Let’s get one thing straight: people aren’t born criminals. Society makes them. If we want to talk honestly about why crimes and criminals exist, we have to stop pointing fingers solely at individuals and start holding systems accountable. Crime doesn’t rise from a moral vacuum—it emerges from poverty, inequality, corruption, and the complete failure of the state to provide people with the dignity and opportunities they deserve.


Criminals exist because, for many, crime feels like the only option. In the Philippines, as of 2023, around 18.1% of the population—or roughly 19.9 million people—live below the poverty threshold (Philippine Statistics Authority [PSA], 2023). When people are shut out of stable employment, quality education, and even basic healthcare, illegal alternatives start to look like lifelines. Some turn to theft, drug peddling, or syndicates not out of malice but out of necessity. This is not to romanticize crime—but to acknowledge that desperation breeds it.


The narrative that crime is simply the result of “bad choices” or “moral failure” is not only outdated—it’s dangerous. When a child grows up in an informal settlement surrounded by violence, with overcrowded classrooms, no access to nutritious food, and parents who themselves are struggling to survive, the idea of personal choice becomes a cruel myth. The United Nations Office on Drugs and Crime (UNODC) recognizes that socioeconomic exclusion and inequality are major drivers of criminal behavior, particularly in urban areas where the gap between the rich and poor is stark (UNODC, 2019).


To make things worse, the criminal justice system often punishes poverty while shielding privilege. Steal a cellphone and you risk years in jail. Launder billions through fake foundations and you might get elected to public office. A 2020 report by Human Rights Watch described the Philippine justice system as “deeply flawed, prone to errors, and vulnerable to political abuse,” especially in the prosecution of poor and marginalized citizens (Human Rights Watch, 2020). Corruption festers in this environment, and crime flourishes when the state itself sets a bad example.
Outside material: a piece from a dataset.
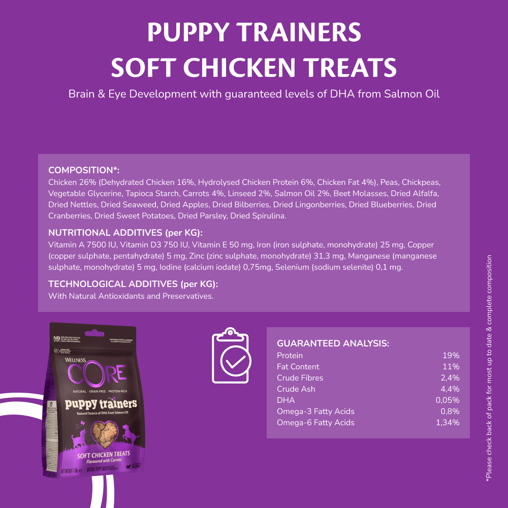 Onze Wellness CORE Puppy Trainers kip met wortel zijn de beste aanvulling op onze CORE droge en natte voeding. Het is een natuurlijk krokante snack, vervaardigd met een smaakvol eiwit, gezonde antioxidanten en lijnzaad om het welzijn van jouw puppy te bevorderen. Bovendien bevorderen ze ook de ontwikkeling van de hersenen an de ogen dankzij DHA uit zalmolie. Verder zijn ze perfect om mee te trainen of simpelweg als een gezonde snack.

And yet, the government’s response has been painfully predictable: harsher punishments, more jails, more force. This punitive approach does not work. Criminologists and justice reform advocates have repeatedly emphasized that increasing the severity of punishment has little to no effect on crime rates—what matters more is the certainty of being caught and the fairness of the system (Nagin, 2013).


If we are serious about addressing crime, we must stop treating it as a personal failure and begin treating it as a societal one. That means investing in public services, creating real employment opportunities, raising the quality of education, improving mental health support, and rooting out corruption—especially among the elite. Crimes and criminals exist not because Filipinos are inherently lawless, but because our society is deeply unjust. No amount of death penalties or militarized crackdowns will fix what inequality and impunity have broken. What will? Compassion, structural reform, and a justice system that serves everyone—not just those who can afford it.